Ce travail visant à assurer la cohérence de notre typologie n’a pas pour but de pouvoir proposer, à des fins didactiques, un ensemble de co-hyponymes

mutuellement substituables lors d’exercice de production ou de compréhension écrite. Ce faisant, nous nous exposerions au risque de circularité, contre-productif pour tout type d’application didactique. De même, nous ne considérons pas que les courtes gloses associées aux différentes acceptions du LST soient adaptées à des applications didactiques, qui demanderaient alors des définitions plus fines. L’intérêt didactique de la ressource sémantique du LST repose plus sur la typologie en elle-même, au travers des ensembles de co-hyponymes définis par les classes et sous-classes.

Un dernier filtrage des acceptions est finalement effectué, dans le but de faciliter de futurs traitements. Ainsi, si un mot comporte plusieurs acceptions renvoyant à une même sous-classe sémantique, nous ne gardons qu’une acception, la plus générique. Ceci nous permet d’éviter d’introduire une ambiguïté en plus lors de l’extraction de routines. Ainsi, lorsque nous extrayons une routine sémantico-rhétorique, les traits de sous-classes présents dans la routine représentent d’une certaine manière un paradigme lexical. Par exemple, si nous considérons le test d’appartenance de la sous-classe {espace/localisation}, localiser le N’. Ce test peut s’apparenter aux routines que nous souhaitons identifier. L’élément ‘N’ peut alors se réaliser par l’un des éléments de cette sous-classe, à savoir pôle, rang, source, niveau, etc. Si un de ces lemmes avait plus d’une acception appartenant à cette sous-classe, nous ne saurions distinguer quelle acception s’inscrit effectivement dans cette routine. En choisissant de se restreindre à une acception par lemme par sous-classe, nous nous assurons de pouvoir faire le lien entre une routine et les acceptions potentiellement mobilisées dans cette routine. De plus, au niveau du traitement sémantique du LST, il nous semble judicieux d’adopter une telle granularité, afin de ne pas avoir à gérer une trop grande quantité de classes et sous-classes.
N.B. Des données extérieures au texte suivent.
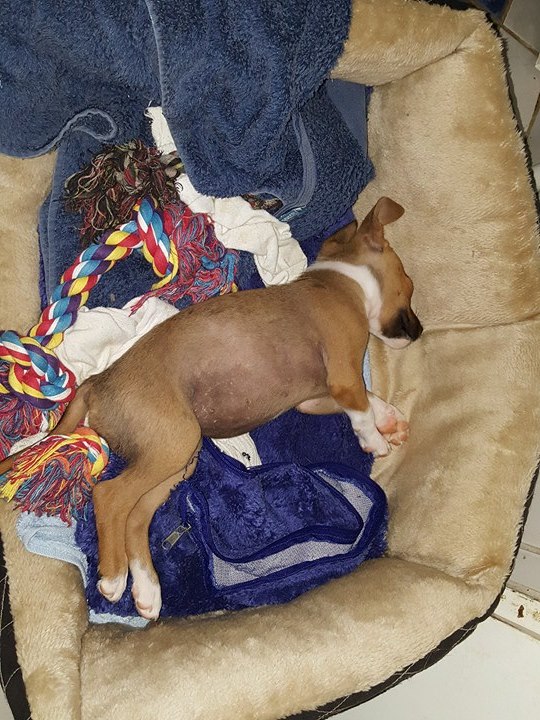 Meteen naar de dierenarts en redelijk gezond ( wat vlooien en luizen, bloedarmoede en moe) kom je in Puppy Paradise. Eerst maar even lekker een nachtje bij komen. Morgen wil je vast spelen met de anderen.

En outre, dans la perspective d’une application didactique, une granularité trop fine serait peu exploitable par les apprenants.

Cependant, la distinction, pour un même lemme, d’acceptions proches appartenant à la même sous-classe, peut s’avérer utile en vue d’applications didactiques intégrant par exemple un accès à une définition. Notre but immédiat étant ici d’élaborer une classification favorisant le repérage et l’extraction de routines, nous ne gardons alors qu’une seule entrée, correspondant (comme expliqué page 142 avec l’exemple de cadre) à l’acception la plus générique. Ainsi,

parmi les acceptions de matériau dans le DEM, deux entrées correspondent à des sens transdisciplinaires effectivement présents dans notre corpus :

matière pour fabrication ;

matière de base pour documentation.

Ces deux acceptions sont associées à la sous-classe {objet_scientifique/donnée}.

Les applications ultérieures de notre classification guident ainsi sa constitution.

Ces différents critères de filtrage d’acceptions, ainsi que la méthodologie de classification, ont été définis pour l’ensemble des catégories des mots simples du LST afin de s’assurer de l’homogénéité transcatégorielle de la ressource.